*** INPUT DATA ***

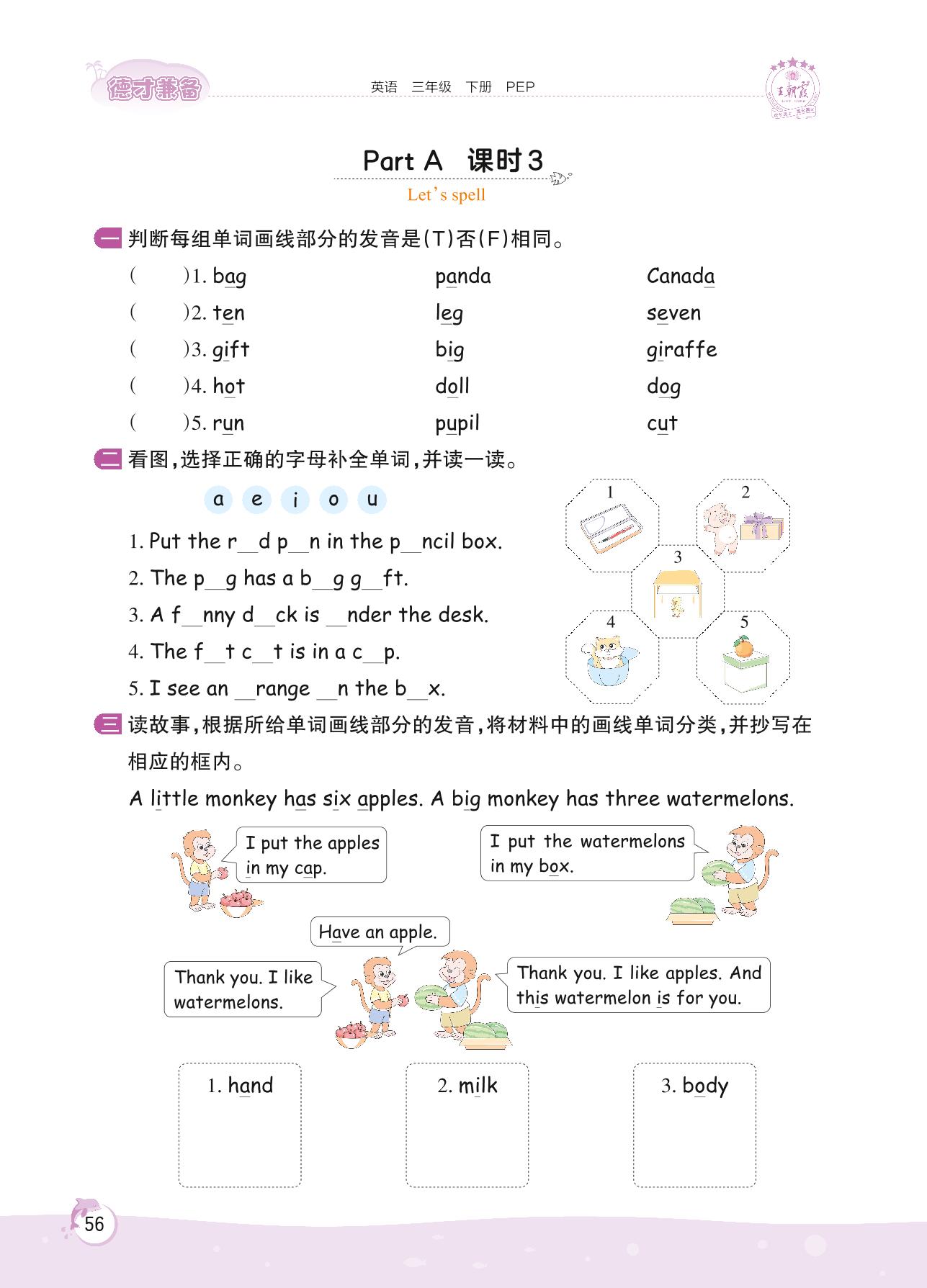2022下册三年级英语人教PEP版 Unit 6—Part A 课时 3 Let’s spell
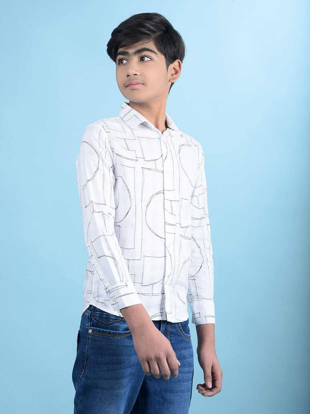 Add A Touch Of Playful Style To His Wardrobe With This Crimsoune Club Boy's 100% Cotton Shirt, Showcasing A Fun White Print That Ensures Breathable Comfort And A Cheerful, Unique Look.
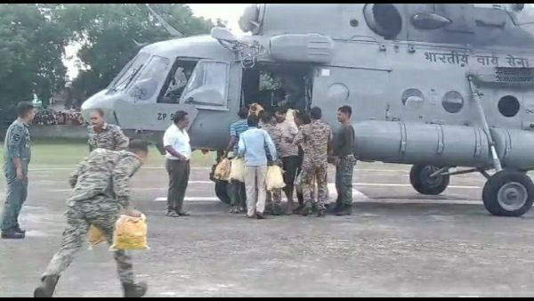 बाढ़ प्रभावित इलाकों में हेलीकॉप्टर से पहुंचाया गया सूखा राशन

*** End of INPUT DATA ***

Reproduce the lines above exactly, please, but not the pictures in them.

2022下册三年级英语人教PEP版 Unit 6—Part A 课时 3 Let’s spell
 Add A Touch Of Playful Style To His Wardrobe With This Crimsoune Club Boy's 100% Cotton Shirt, Showcasing A Fun White Print That Ensures Breathable Comfort And A Cheerful, Unique Look.
 बाढ़ प्रभावित इलाकों में हेलीकॉप्टर से पहुंचाया गया सूखा राशन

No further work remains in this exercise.